Payments under these swap agreements reduced oil and natural gas revenues by
$2,608,000 for the three months and $12,739,000 for the nine months ended
September 30, 2003, as a result of hedging transactions.

The notional amount is equal to the total net volumetric hedge position of the
Company during the periods presented. The positions effectively hedge
approximately 11% of our proved developed natural gas production and 77% of our
proved developed oil production. The fair values of the hedges are based on the
difference between the strike price and the New York Mercantile Exchange future
prices for the applicable trading months.



Weighted Average Fair Value (unrealized)
Notional Strike Price at September 30, 2003
Amount ($ per unit) (in thousands)
--------- ---------------- -----------------------

Natural Gas (mmbtu)
October 2003 - June 2005 4,630,000 $ 3.75 $(4,952)

Oil (bbls)
October 2003 - July 2005 1,204,000 $23.81 $(3,601)
------
$(8,553)
-------


12

8. STOCK-BASED COMPENSATION

SFAS 123, "Accounting for Stock-Based Compensation," as amended by SFAS 148,
"Accounting for Stock-Based Compensation - Transition and Disclosure,"
established accounting and disclosure requirements using a fair value-based
method of accounting for stock-based employee compensation plans. As provided
for under SFAS 123, there has been no amount of compensation expense recognized
for the Company's stock option plans. The Company accounts for stock-based
compensation using the intrinsic value method prescribed in Accounting
Principles Board Opinion 25, "Accounting for Stock Issued to Employees."
Compensation expense is recorded for restricted stock awards over the requisite
vesting periods based upon the market value on the date of the grant. The
compensation expense incurred in the three month and nine month periods ended
September 30, 2003 and 2002, related to restricted stock awards, which totaled
$10 thousand for each quarter, respectively.

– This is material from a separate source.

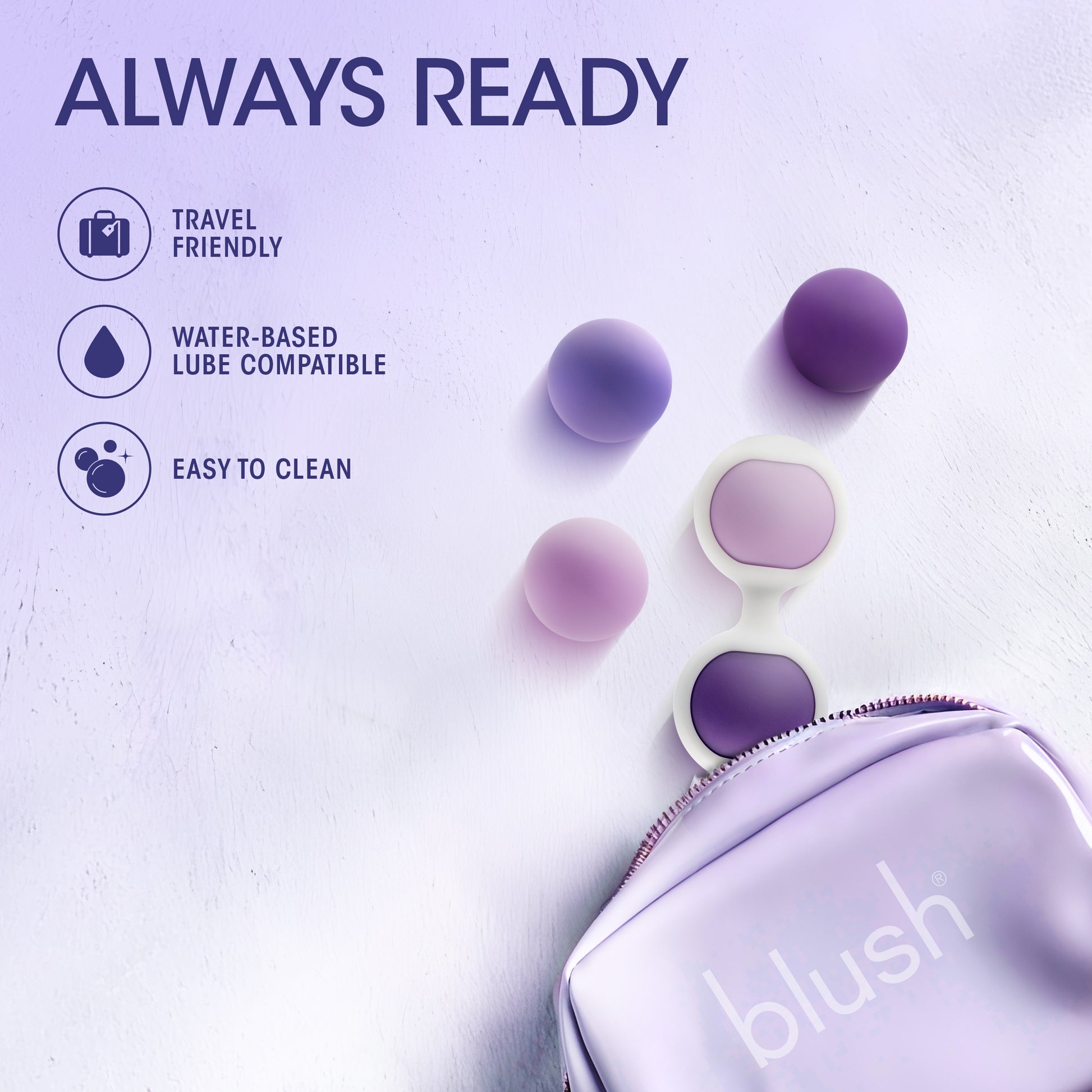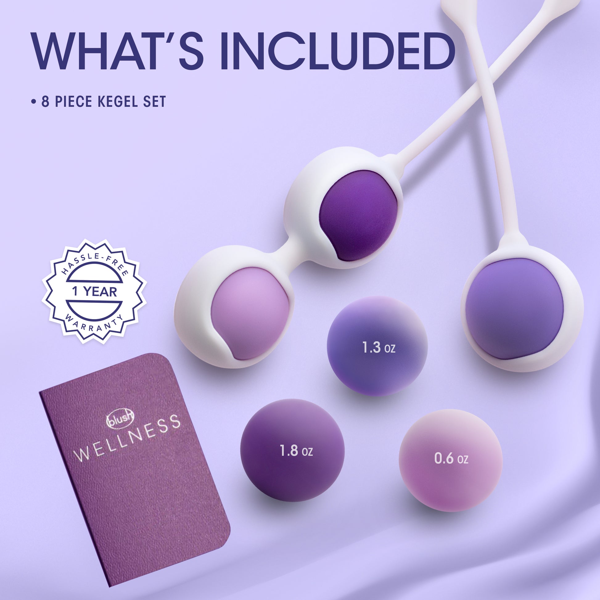 The Wellness Kegel Training Kit delivers a fully customized strengthening routine. This complete set includes six balls, progressively weighted in pairs from 0.6 ounces to 1.8 ounces. The satin smooth silicone balls can be used alone or in pairs, for a total of nine possible weight combinations.

The following is a reconciliation of reported earnings (loss) and earnings
(loss) per share as if the Company used the fair value method of accounting for
stock-based compensation. Fair value is calculated using the Black-Scholes
option-pricing model.



(In thousands, except per share data)
Three Months Ended September 30,
2003 2002
------ --------

Net earnings (loss) applicable to common stockholders as reported $2,965 $(51,384)

Stock-based compensation expense determined under
fair value method for all awards, net of tax 10 10

Net earnings (loss) applicable to common stockholders pro forma $2,955 $(51,394)
Basic earnings (loss) per share:
As reported $ 0.06 $ (1.03)
Pro forma $ 0.06 $ (1.03)

Diluted earnings (loss) per share:
As reported $ 0.05 $ (1.03)
Pro forma $ 0.05 $ (1.03)




Nine Months Ended September 30,
2003 2002
------ --------

Net earnings (loss) applicable to common stockholders as reported $6,610 $(49,789)

Stock-based compensation expense determined under
fair value method for all awards, net of tax 30 30

Net earnings (loss) applicable to common stockholders pro forma $6,580 $(49,819)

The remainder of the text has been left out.